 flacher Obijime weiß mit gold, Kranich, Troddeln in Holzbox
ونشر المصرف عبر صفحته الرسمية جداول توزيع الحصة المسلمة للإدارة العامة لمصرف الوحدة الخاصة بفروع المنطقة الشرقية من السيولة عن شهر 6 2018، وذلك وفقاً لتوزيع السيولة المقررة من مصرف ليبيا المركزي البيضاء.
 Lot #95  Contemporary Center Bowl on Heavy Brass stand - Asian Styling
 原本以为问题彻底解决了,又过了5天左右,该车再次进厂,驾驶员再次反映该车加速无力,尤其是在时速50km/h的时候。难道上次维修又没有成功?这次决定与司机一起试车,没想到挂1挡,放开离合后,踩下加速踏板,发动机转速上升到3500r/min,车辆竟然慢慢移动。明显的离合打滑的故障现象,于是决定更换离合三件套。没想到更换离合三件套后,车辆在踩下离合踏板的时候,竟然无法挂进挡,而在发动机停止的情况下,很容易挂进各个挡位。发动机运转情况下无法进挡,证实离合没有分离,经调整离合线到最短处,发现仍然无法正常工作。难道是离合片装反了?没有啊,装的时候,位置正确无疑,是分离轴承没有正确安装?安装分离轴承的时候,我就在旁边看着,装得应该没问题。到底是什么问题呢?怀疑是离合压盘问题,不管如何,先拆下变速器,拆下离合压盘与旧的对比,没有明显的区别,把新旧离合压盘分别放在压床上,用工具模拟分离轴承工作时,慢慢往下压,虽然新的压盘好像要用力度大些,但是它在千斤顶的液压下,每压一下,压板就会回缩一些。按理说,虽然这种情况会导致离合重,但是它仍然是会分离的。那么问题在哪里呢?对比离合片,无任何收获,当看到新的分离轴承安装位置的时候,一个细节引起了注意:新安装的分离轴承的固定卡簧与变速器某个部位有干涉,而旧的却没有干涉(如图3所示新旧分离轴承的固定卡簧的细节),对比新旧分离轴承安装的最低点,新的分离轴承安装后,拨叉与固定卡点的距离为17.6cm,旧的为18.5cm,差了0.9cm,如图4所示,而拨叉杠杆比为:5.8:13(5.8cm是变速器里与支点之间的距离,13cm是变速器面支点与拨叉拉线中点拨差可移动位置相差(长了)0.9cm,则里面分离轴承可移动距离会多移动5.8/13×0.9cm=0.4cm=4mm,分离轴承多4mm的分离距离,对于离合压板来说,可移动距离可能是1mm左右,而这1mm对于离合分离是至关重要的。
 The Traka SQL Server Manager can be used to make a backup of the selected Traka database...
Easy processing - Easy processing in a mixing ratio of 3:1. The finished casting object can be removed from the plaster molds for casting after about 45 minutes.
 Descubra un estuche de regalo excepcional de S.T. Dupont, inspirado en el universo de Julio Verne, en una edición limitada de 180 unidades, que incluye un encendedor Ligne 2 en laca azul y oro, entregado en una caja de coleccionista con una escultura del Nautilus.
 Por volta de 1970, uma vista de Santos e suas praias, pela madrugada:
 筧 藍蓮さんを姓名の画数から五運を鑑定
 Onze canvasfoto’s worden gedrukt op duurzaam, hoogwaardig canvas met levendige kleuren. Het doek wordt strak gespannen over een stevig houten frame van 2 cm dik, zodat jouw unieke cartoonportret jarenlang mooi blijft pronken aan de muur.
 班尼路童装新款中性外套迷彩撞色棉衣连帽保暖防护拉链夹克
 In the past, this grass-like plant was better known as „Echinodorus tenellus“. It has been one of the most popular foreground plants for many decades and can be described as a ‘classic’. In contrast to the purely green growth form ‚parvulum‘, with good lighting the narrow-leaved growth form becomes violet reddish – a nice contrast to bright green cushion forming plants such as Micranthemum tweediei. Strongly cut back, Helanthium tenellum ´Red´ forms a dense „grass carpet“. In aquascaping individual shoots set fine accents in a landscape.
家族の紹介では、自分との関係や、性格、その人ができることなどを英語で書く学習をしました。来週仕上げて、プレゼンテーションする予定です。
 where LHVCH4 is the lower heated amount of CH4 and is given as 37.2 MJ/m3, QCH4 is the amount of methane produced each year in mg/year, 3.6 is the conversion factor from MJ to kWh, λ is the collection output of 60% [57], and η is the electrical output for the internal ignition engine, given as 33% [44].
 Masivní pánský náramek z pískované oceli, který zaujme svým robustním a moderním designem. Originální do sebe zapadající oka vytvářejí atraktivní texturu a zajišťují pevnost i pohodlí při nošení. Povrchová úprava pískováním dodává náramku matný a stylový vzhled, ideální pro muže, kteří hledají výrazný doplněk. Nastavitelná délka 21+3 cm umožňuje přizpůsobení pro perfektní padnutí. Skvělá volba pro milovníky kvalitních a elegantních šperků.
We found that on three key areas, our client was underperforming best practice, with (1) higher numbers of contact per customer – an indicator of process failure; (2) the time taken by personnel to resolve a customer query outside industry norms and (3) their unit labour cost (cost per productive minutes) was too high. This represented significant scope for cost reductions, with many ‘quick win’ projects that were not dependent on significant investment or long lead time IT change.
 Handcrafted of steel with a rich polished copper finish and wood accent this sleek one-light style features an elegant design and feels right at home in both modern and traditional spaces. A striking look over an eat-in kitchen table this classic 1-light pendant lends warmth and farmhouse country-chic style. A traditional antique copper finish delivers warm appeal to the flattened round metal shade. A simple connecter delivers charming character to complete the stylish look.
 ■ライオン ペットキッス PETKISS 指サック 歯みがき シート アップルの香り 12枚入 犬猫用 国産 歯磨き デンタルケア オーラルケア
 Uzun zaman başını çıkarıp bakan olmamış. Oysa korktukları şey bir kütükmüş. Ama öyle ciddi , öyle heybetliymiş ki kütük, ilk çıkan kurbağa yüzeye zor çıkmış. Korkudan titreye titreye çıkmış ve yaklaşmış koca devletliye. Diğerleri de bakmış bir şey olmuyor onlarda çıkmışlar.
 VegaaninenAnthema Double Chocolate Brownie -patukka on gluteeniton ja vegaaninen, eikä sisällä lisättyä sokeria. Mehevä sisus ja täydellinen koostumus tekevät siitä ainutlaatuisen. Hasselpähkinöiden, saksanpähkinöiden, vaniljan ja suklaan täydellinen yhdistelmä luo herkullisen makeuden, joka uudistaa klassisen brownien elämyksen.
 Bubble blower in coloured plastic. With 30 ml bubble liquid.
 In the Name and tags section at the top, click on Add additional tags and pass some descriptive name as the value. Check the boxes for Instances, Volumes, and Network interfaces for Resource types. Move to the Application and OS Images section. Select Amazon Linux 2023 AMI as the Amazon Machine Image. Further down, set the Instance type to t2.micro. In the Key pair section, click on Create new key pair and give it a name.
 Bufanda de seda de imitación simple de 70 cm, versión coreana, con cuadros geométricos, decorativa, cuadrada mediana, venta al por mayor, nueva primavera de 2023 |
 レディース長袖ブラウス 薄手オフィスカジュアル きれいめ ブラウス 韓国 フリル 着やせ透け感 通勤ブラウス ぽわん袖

====

Exercise description. Each entry is to be given again, exactly as it stands.

Response for this exercise.
 flacher Obijime weiß mit gold, Kranich, Troddeln in Holzbox
ونشر المصرف عبر صفحته الرسمية جداول توزيع الحصة المسلمة للإدارة العامة لمصرف الوحدة الخاصة بفروع المنطقة الشرقية من السيولة عن شهر 6 2018، وذلك وفقاً لتوزيع السيولة المقررة من مصرف ليبيا المركزي البيضاء.
 Lot #95  Contemporary Center Bowl on Heavy Brass stand - Asian Styling
 原本以为问题彻底解决了,又过了5天左右,该车再次进厂,驾驶员再次反映该车加速无力,尤其是在时速50km/h的时候。难道上次维修又没有成功?这次决定与司机一起试车,没想到挂1挡,放开离合后,踩下加速踏板,发动机转速上升到3500r/min,车辆竟然慢慢移动。明显的离合打滑的故障现象,于是决定更换离合三件套。没想到更换离合三件套后,车辆在踩下离合踏板的时候,竟然无法挂进挡,而在发动机停止的情况下,很容易挂进各个挡位。发动机运转情况下无法进挡,证实离合没有分离,经调整离合线到最短处,发现仍然无法正常工作。难道是离合片装反了?没有啊,装的时候,位置正确无疑,是分离轴承没有正确安装?安装分离轴承的时候,我就在旁边看着,装得应该没问题。到底是什么问题呢?怀疑是离合压盘问题,不管如何,先拆下变速器,拆下离合压盘与旧的对比,没有明显的区别,把新旧离合压盘分别放在压床上,用工具模拟分离轴承工作时,慢慢往下压,虽然新的压盘好像要用力度大些,但是它在千斤顶的液压下,每压一下,压板就会回缩一些。按理说,虽然这种情况会导致离合重,但是它仍然是会分离的。那么问题在哪里呢?对比离合片,无任何收获,当看到新的分离轴承安装位置的时候,一个细节引起了注意:新安装的分离轴承的固定卡簧与变速器某个部位有干涉,而旧的却没有干涉(如图3所示新旧分离轴承的固定卡簧的细节),对比新旧分离轴承安装的最低点,新的分离轴承安装后,拨叉与固定卡点的距离为17.6cm,旧的为18.5cm,差了0.9cm,如图4所示,而拨叉杠杆比为:5.8:13(5.8cm是变速器里与支点之间的距离,13cm是变速器面支点与拨叉拉线中点拨差可移动位置相差(长了)0.9cm,则里面分离轴承可移动距离会多移动5.8/13×0.9cm=0.4cm=4mm,分离轴承多4mm的分离距离,对于离合压板来说,可移动距离可能是1mm左右,而这1mm对于离合分离是至关重要的。
 The Traka SQL Server Manager can be used to make a backup of the selected Traka database...
Easy processing - Easy processing in a mixing ratio of 3:1. The finished casting object can be removed from the plaster molds for casting after about 45 minutes.
 Descubra un estuche de regalo excepcional de S.T. Dupont, inspirado en el universo de Julio Verne, en una edición limitada de 180 unidades, que incluye un encendedor Ligne 2 en laca azul y oro, entregado en una caja de coleccionista con una escultura del Nautilus.
 Por volta de 1970, uma vista de Santos e suas praias, pela madrugada:
 筧 藍蓮さんを姓名の画数から五運を鑑定
 Onze canvasfoto’s worden gedrukt op duurzaam, hoogwaardig canvas met levendige kleuren. Het doek wordt strak gespannen over een stevig houten frame van 2 cm dik, zodat jouw unieke cartoonportret jarenlang mooi blijft pronken aan de muur.
 班尼路童装新款中性外套迷彩撞色棉衣连帽保暖防护拉链夹克
 In the past, this grass-like plant was better known as „Echinodorus tenellus“. It has been one of the most popular foreground plants for many decades and can be described as a ‘classic’. In contrast to the purely green growth form ‚parvulum‘, with good lighting the narrow-leaved growth form becomes violet reddish – a nice contrast to bright green cushion forming plants such as Micranthemum tweediei. Strongly cut back, Helanthium tenellum ´Red´ forms a dense „grass carpet“. In aquascaping individual shoots set fine accents in a landscape.
家族の紹介では、自分との関係や、性格、その人ができることなどを英語で書く学習をしました。来週仕上げて、プレゼンテーションする予定です。
 where LHVCH4 is the lower heated amount of CH4 and is given as 37.2 MJ/m3, QCH4 is the amount of methane produced each year in mg/year, 3.6 is the conversion factor from MJ to kWh, λ is the collection output of 60% [57], and η is the electrical output for the internal ignition engine, given as 33% [44].
 Masivní pánský náramek z pískované oceli, který zaujme svým robustním a moderním designem. Originální do sebe zapadající oka vytvářejí atraktivní texturu a zajišťují pevnost i pohodlí při nošení. Povrchová úprava pískováním dodává náramku matný a stylový vzhled, ideální pro muže, kteří hledají výrazný doplněk. Nastavitelná délka 21+3 cm umožňuje přizpůsobení pro perfektní padnutí. Skvělá volba pro milovníky kvalitních a elegantních šperků.
We found that on three key areas, our client was underperforming best practice, with (1) higher numbers of contact per customer – an indicator of process failure; (2) the time taken by personnel to resolve a customer query outside industry norms and (3) their unit labour cost (cost per productive minutes) was too high. This represented significant scope for cost reductions, with many ‘quick win’ projects that were not dependent on significant investment or long lead time IT change.
 Handcrafted of steel with a rich polished copper finish and wood accent this sleek one-light style features an elegant design and feels right at home in both modern and traditional spaces. A striking look over an eat-in kitchen table this classic 1-light pendant lends warmth and farmhouse country-chic style. A traditional antique copper finish delivers warm appeal to the flattened round metal shade. A simple connecter delivers charming character to complete the stylish look.
 ■ライオン ペットキッス PETKISS 指サック 歯みがき シート アップルの香り 12枚入 犬猫用 国産 歯磨き デンタルケア オーラルケア
 Uzun zaman başını çıkarıp bakan olmamış. Oysa korktukları şey bir kütükmüş. Ama öyle ciddi , öyle heybetliymiş ki kütük, ilk çıkan kurbağa yüzeye zor çıkmış. Korkudan titreye titreye çıkmış ve yaklaşmış koca devletliye. Diğerleri de bakmış bir şey olmuyor onlarda çıkmışlar.
 VegaaninenAnthema Double Chocolate Brownie -patukka on gluteeniton ja vegaaninen, eikä sisällä lisättyä sokeria. Mehevä sisus ja täydellinen koostumus tekevät siitä ainutlaatuisen. Hasselpähkinöiden, saksanpähkinöiden, vaniljan ja suklaan täydellinen yhdistelmä luo herkullisen makeuden, joka uudistaa klassisen brownien elämyksen.
 Bubble blower in coloured plastic. With 30 ml bubble liquid.
 In the Name and tags section at the top, click on Add additional tags and pass some descriptive name as the value. Check the boxes for Instances, Volumes, and Network interfaces for Resource types. Move to the Application and OS Images section. Select Amazon Linux 2023 AMI as the Amazon Machine Image. Further down, set the Instance type to t2.micro. In the Key pair section, click on Create new key pair and give it a name.
 Bufanda de seda de imitación simple de 70 cm, versión coreana, con cuadros geométricos, decorativa, cuadrada mediana, venta al por mayor, nueva primavera de 2023 |
 レディース長袖ブラウス 薄手オフィスカジュアル きれいめ ブラウス 韓国 フリル 着やせ透け感 通勤ブラウス ぽわん袖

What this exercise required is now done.